Another lightning bolt split the sky above the gorge. In its ghostly flash she saw him plunging toward her, one arm outstretched in an effort to grasp her mount’s harness. Then thunder broke like the roar of cannon fire, and Lucifer lost his footing. Squalling and kicking, the mule went down and began to slide.

Anna screamed as she felt herself flying through the black rain, felt the twisting jerk as Malachi’s powerful hand caught her wrist, wrenching her upright. She slammed into the side of his mule and hung there, her breath coming in hard little sobs.

“We’ve got to get out of here!” Malachi was hauling her upward. Wild with terror she fought against the pull of his arm.

“Lucifer!” she gasped. “We’ve got to save him!”

“He’ll have to save himself! Get up here, damn you!” He was dragging her alongside the mule, almost twisting her arm out of its socket.

“Please—” she started to argue. Then she heard it—a roar of sound that rose out of the rain like a demon out of the sea, growing, building until it became the scream of the earth itself.

Landslide!

Malachi bent down and caught her waist, sweeping her off her feet as the mule shot forward. Anna used the harness to clamber up behind him, and they rocketed down the road, skidding around curves, dodging boulders and exploding through mud pits.

Too terrified to think, Anna pressed against Malachi’s back, her arms encircling his lean, muscular waist, her knees spoon-cupped against the backs of his thighs. From behind them she could hear the rush of water and the rumble of falling earth. She could hear it gaining on them, moving closer with every breath, every heartbeat.

Malachi’s body strained forward against her clasping hands. His muscles bunched and lengthened through the rain-soaked shirt as he lashed the mule’s flanks with a loose harness buckle. Startled by a crashing boulder, the mule skidded sideways, giving Anna a fleeting glimpse of a whitish rock outcrop that loomed perhaps a quarter mile down the road.

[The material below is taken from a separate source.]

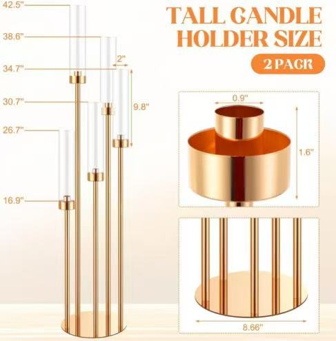 Adaugă o notă de lux și eleganță fiecărui eveniment cu acest set de suporturi înalte pentru lumânări, cu înălțimi progresive până la 128 cm. Cu un finisaj auriu lucios, bază rotundă stabilă și tuburi transparente din sticlă/acril, aceste suporturi creează un efect vizual spectaculos și simetric – ideal pentru decoruri de nuntă, fundaluri foto sau delimitarea aleilor.

It had to be the overhang Malachi had mentioned earlier. They had seconds to reach it.

Malachi cursed as the mule wheeled in sudden panic and stopped still, braying and rolling its eyes. “Give me your petticoat!” he shouted. “We’ve got to blindfold him or he won’t move!”

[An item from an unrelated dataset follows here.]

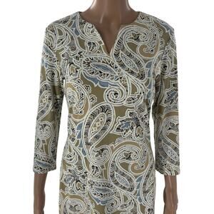 J. McLaughlin Carly taupe paisley print sheath dress. Catalina cloth fabric. V neck. 3/4 sleeves. Pulls on. Nylon / spandex. Machine wash. In preowned condition.
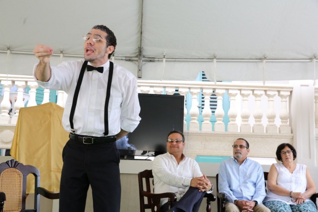 El actor Marcos Acosta interpreta a Peyo Mercé, del cuento Santa Clo va la Cuchilla, como preámbulo al anuncio de la conmemoración del centenario del natalicio de Abelardo Díaz Alfaro. Observan el alcalde de Caguas William Miranda Torres; Abelardo Díaz, hijo y su esposa Wanda L. Flores.

Clinging on with one hand, Anna tugged at the stubborn muslin. When it failed to come free, Malachi reached back, seized a fistful of cloth and yanked hard. The sodden fabric ripped, almost jerking her off the mule as it tore loose.

A fist-size chunk of sandstone bounced off Anna’s shoulder and skittered down the slope. Malachi had dismounted and flung the petticoat over the head of the screaming mule. They were moving forward now, at the leaden speed of a nightmare chase. She could hear his voice through the rain, urging the animal forward.